Requirement – When you reach the line with "Rar og elegant" in the records below, begin transcribing exactly and continue up to and including the line with "Manhattan Serenity Himalayan", leaving out every picture.

Data shown –
☆ ☆ ☆ ☆ ☆ ☆ ☆
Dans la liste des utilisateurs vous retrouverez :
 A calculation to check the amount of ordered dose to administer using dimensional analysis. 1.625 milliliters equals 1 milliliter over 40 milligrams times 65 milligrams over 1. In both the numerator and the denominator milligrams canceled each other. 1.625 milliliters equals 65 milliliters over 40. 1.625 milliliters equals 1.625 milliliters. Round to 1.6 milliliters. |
☆ ☆ ☆ ☆ ☆ ☆ ☆
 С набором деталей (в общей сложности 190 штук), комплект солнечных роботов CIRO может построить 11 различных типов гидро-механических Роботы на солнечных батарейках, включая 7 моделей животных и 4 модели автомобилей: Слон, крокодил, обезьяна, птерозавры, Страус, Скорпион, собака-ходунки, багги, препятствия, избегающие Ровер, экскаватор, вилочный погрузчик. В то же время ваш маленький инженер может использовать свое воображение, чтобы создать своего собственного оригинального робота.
☆ ☆ ☆ ☆ ☆ ☆ ☆
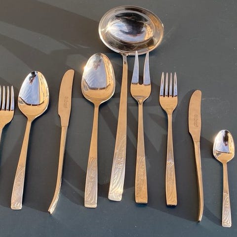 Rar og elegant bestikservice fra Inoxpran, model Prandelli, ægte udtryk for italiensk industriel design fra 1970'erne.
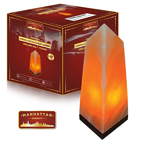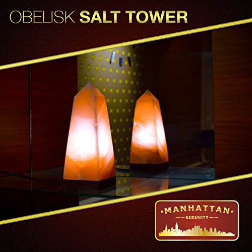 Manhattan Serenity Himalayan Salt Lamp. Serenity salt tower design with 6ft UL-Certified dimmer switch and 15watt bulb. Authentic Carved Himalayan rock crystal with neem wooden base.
☆ ☆ ☆ ☆ ☆ ☆ ☆
The completed task –
 Rar og elegant bestikservice fra Inoxpran, model Prandelli, ægte udtryk for italiensk industriel design fra 1970'erne.
 Manhattan Serenity Himalayan Salt Lamp. Serenity salt tower design with 6ft UL-Certified dimmer switch and 15watt bulb. Authentic Carved Himalayan rock crystal with neem wooden base.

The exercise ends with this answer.